> _PROBLEM DETAILS_
Each line of the data below goes into the copy exactly; pictures do not.

::::::::

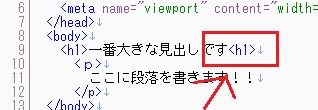 今回はbodyタグの中に書く ということに注意してください。 h1タグというのは見出しを意味します。
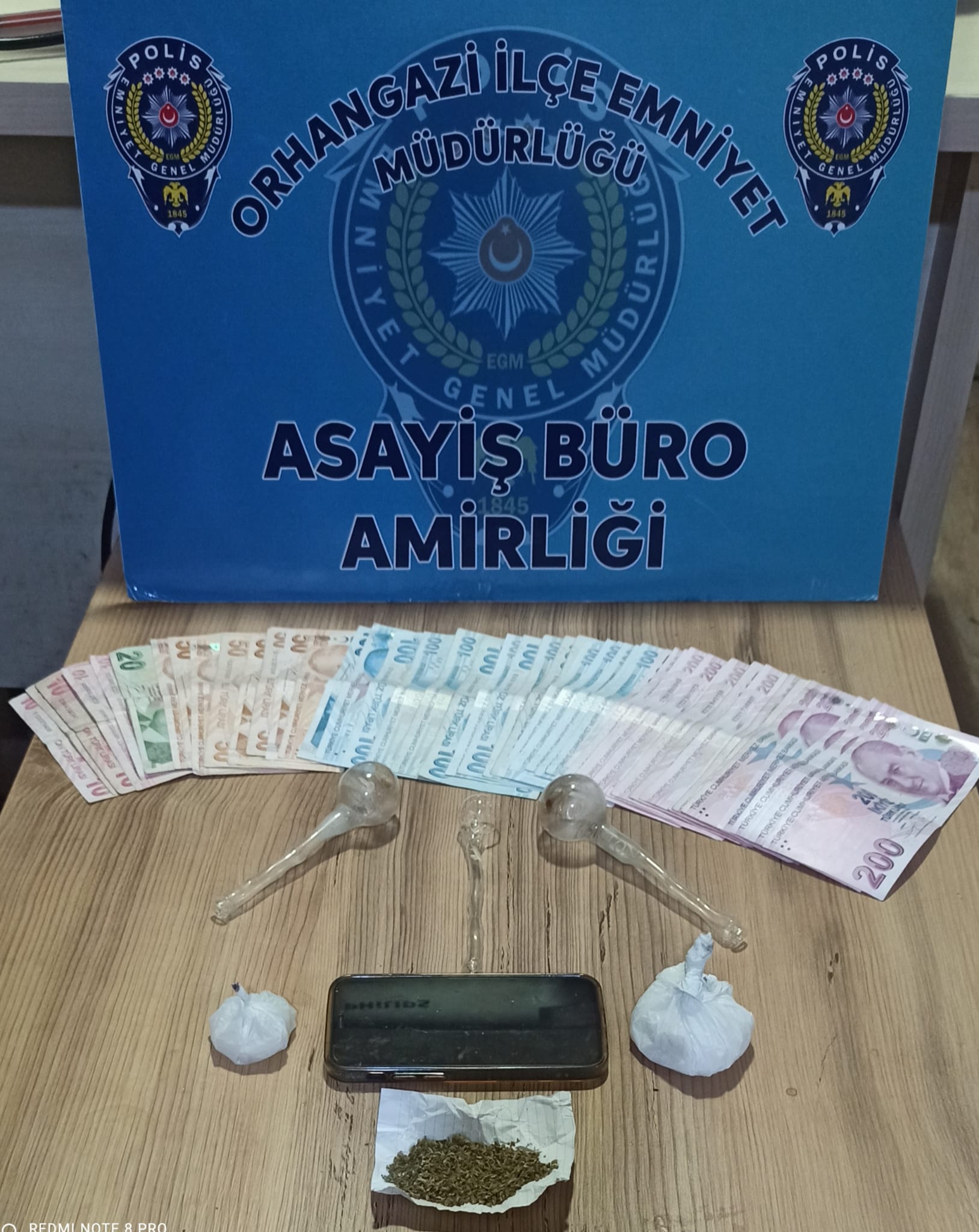 Cumhuriyet savcısından alınan talimatla bu kişinin evinde yapılan aramada 43 gram metamfetamin, 2 gram esrar ve uyuşturucu içiminde kullanılan 3 aparat ele geçirildi.
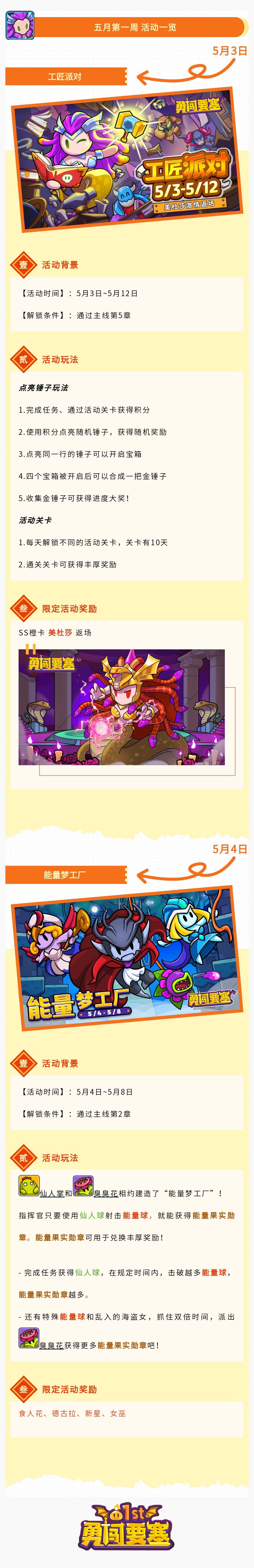 史莱姆带来了勇闯要塞五月第一周的活动预告。
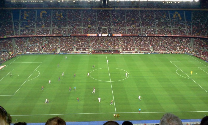 O estádio – desenhado pelos arquitetos Francesc Mitjans Miró e Josep Soteras Mauri, com colaboração de Lorenzo García – para substituir o velho campo de Les Corts, erguido em 1922 e sucessivamente ampliado, mas que ficou pequeno na era Kubala. O novo campo começou a ser construído em 1954 e ficou pronto em 1957. Foi inaugurado em 24 de setembro de 1957, num amistoso entre o Barça e uma seleção de jogadores de Varsóvia. Os donos da casa ganharam por 4 a 2 e o brasileiro Evaristo de Macedo fez um dos gols. A arena era oficialmente chamada de Estadi del FC Barcelona até a temporada 2000/2001 – quando, enfim, o nome mais querido pela torcida foi oficializado. É Camp Nou e pronto, ponto.
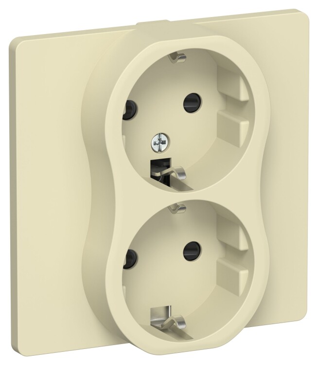 Розетка 2х2P+E со шторками в сборе Classic безвинтовое крепление 16А РСш12-1-К-ФлН навахо FLITE
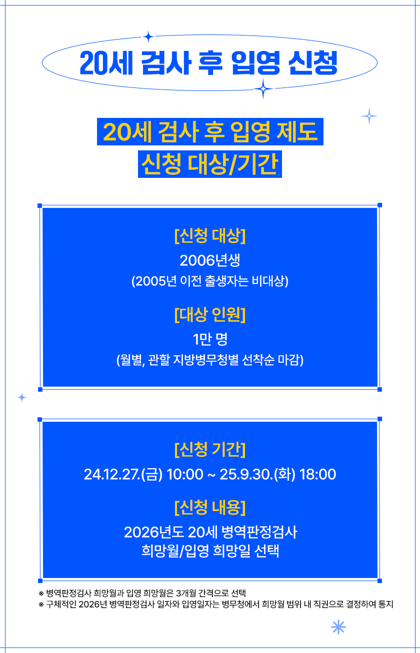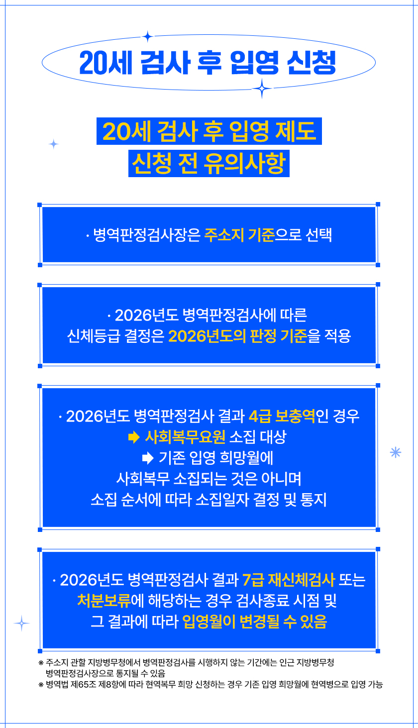 ※ 구체적인 2026년 병역판정검사 일자와 입영일자는 병무청에서 희망월 범위 내 직권으로 결정하여 통지
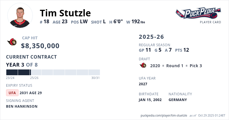 Tim Stutzle is signed to a 8 year, $66,800,000 contract with a cap hit of $8,350,000 per season, playing for the Ottawa Senators. His contract expires at the end of the 2030-31 season, making Stutzle an Unrestricted Free Agent.
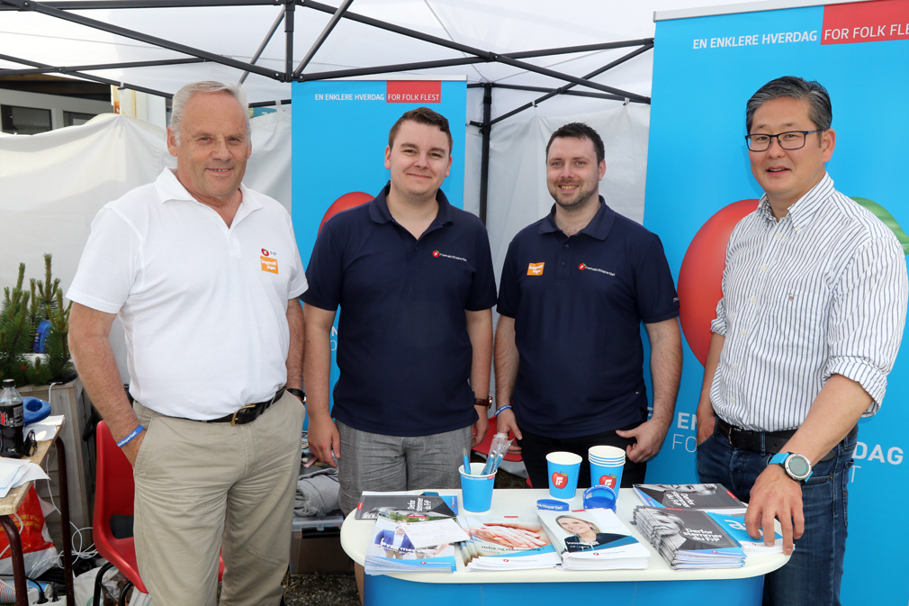 Selv om det er valgår, var det bare Frp som stilte med egen bod. De to førstekandidatene Espen Teigen og Tommy Skatland stilte opp på Lauvsnes, sammen med fylkesleder Einar Almaas (til venstre) og Lars Haagensen i Flatanger Frp. – Vi må være til stede der folk er, og vi ser vi er det eneste partiet som stiller her, sier Teigen.
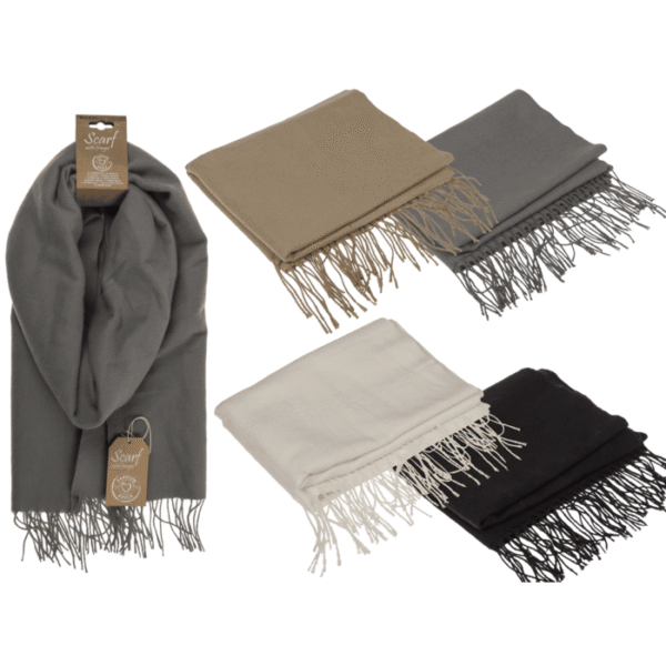Winter scarf with fringes, Fringed scarf Winter accessory Polyester scarf Assorted colors Fashionable scarf Winter wear Long scarf Lightweight scarf Bulk packaging Seasonal fashion
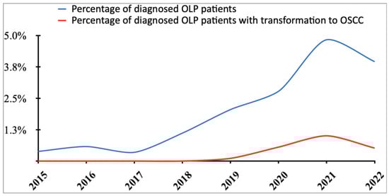 - Tsushima, F.; Sakurai, J.; Uesugi, A.; Oikawa, Y.; Ohsako, T.; Mochizuki, Y.; Hirai, H.; Kayamori, K.; Harada, H. Malignant transformation of oral lichen planus: A retrospective study of 565 Japanese patients. BMC Oral Health 2021, 21, 298. [Google Scholar] [CrossRef]
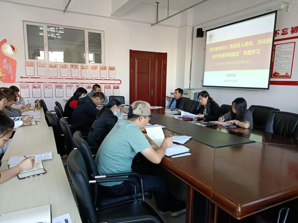 为了进一步推进师德师风建设常态化发展,更好的贯彻习近平总书记关于教育的重要论述和全国教育大会精神,按照永利yl23411集团官网举办“坚守教育初心 勇担育人使命,深化新时代师德师风建设”专题网络培训的部署,9月22日下午,传媒学院领导班子带领学院全体教职工在崇文楼A420会议室开展师德师风专题学习。
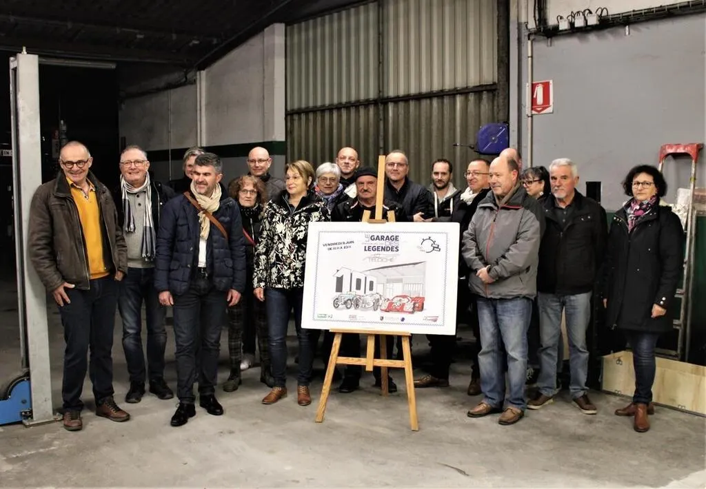 Au Garage des légendes, à Teloché (Sarthe), en compagnie des acteurs du rassemblement prévu le 9 juin 2023, à la veille du centenaire des 24 Heures du Mans, Marie-Noëlle Sébillet (à droite) a dévoilé l’affiche faite par un habitant de Teloché. © Ouest-France
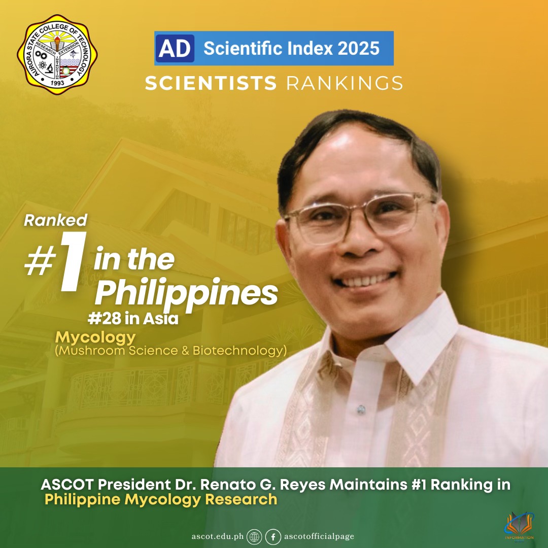 Aurora State College of Technology (ASCOT) proudly celebrates the sustained accomplishments of its President, Dr. Renato G. Reyes, who remains the top-ranked Mycologist in the Philippines as per the latest AD Scientific Index 2025—a global ranking that assesses the impact and productivity of researchers based on citations and academic influence. The AD Scientific Index continue reading : ASCOT President Dr. Renato G. Reyes Maintains #1 Ranking in Philippine Mycology Research

::::::::

> _ANSWER BOX_
 今回はbodyタグの中に書く ということに注意してください。 h1タグというのは見出しを意味します。
 Cumhuriyet savcısından alınan talimatla bu kişinin evinde yapılan aramada 43 gram metamfetamin, 2 gram esrar ve uyuşturucu içiminde kullanılan 3 aparat ele geçirildi.
 史莱姆带来了勇闯要塞五月第一周的活动预告。
 O estádio – desenhado pelos arquitetos Francesc Mitjans Miró e Josep Soteras Mauri, com colaboração de Lorenzo García – para substituir o velho campo de Les Corts, erguido em 1922 e sucessivamente ampliado, mas que ficou pequeno na era Kubala. O novo campo começou a ser construído em 1954 e ficou pronto em 1957. Foi inaugurado em 24 de setembro de 1957, num amistoso entre o Barça e uma seleção de jogadores de Varsóvia. Os donos da casa ganharam por 4 a 2 e o brasileiro Evaristo de Macedo fez um dos gols. A arena era oficialmente chamada de Estadi del FC Barcelona até a temporada 2000/2001 – quando, enfim, o nome mais querido pela torcida foi oficializado. É Camp Nou e pronto, ponto.
 Розетка 2х2P+E со шторками в сборе Classic безвинтовое крепление 16А РСш12-1-К-ФлН навахо FLITE
 ※ 구체적인 2026년 병역판정검사 일자와 입영일자는 병무청에서 희망월 범위 내 직권으로 결정하여 통지
 Tim Stutzle is signed to a 8 year, $66,800,000 contract with a cap hit of $8,350,000 per season, playing for the Ottawa Senators. His contract expires at the end of the 2030-31 season, making Stutzle an Unrestricted Free Agent.
 Selv om det er valgår, var det bare Frp som stilte med egen bod. De to førstekandidatene Espen Teigen og Tommy Skatland stilte opp på Lauvsnes, sammen med fylkesleder Einar Almaas (til venstre) og Lars Haagensen i Flatanger Frp. – Vi må være til stede der folk er, og vi ser vi er det eneste partiet som stiller her, sier Teigen.
Winter scarf with fringes, Fringed scarf Winter accessory Polyester scarf Assorted colors Fashionable scarf Winter wear Long scarf Lightweight scarf Bulk packaging Seasonal fashion
 - Tsushima, F.; Sakurai, J.; Uesugi, A.; Oikawa, Y.; Ohsako, T.; Mochizuki, Y.; Hirai, H.; Kayamori, K.; Harada, H. Malignant transformation of oral lichen planus: A retrospective study of 565 Japanese patients. BMC Oral Health 2021, 21, 298. [Google Scholar] [CrossRef]
 为了进一步推进师德师风建设常态化发展,更好的贯彻习近平总书记关于教育的重要论述和全国教育大会精神,按照永利yl23411集团官网举办“坚守教育初心 勇担育人使命,深化新时代师德师风建设”专题网络培训的部署,9月22日下午,传媒学院领导班子带领学院全体教职工在崇文楼A420会议室开展师德师风专题学习。
 Au Garage des légendes, à Teloché (Sarthe), en compagnie des acteurs du rassemblement prévu le 9 juin 2023, à la veille du centenaire des 24 Heures du Mans, Marie-Noëlle Sébillet (à droite) a dévoilé l’affiche faite par un habitant de Teloché. © Ouest-France
 Aurora State College of Technology (ASCOT) proudly celebrates the sustained accomplishments of its President, Dr. Renato G. Reyes, who remains the top-ranked Mycologist in the Philippines as per the latest AD Scientific Index 2025—a global ranking that assesses the impact and productivity of researchers based on citations and academic influence. The AD Scientific Index continue reading : ASCOT President Dr. Renato G. Reyes Maintains #1 Ranking in Philippine Mycology Research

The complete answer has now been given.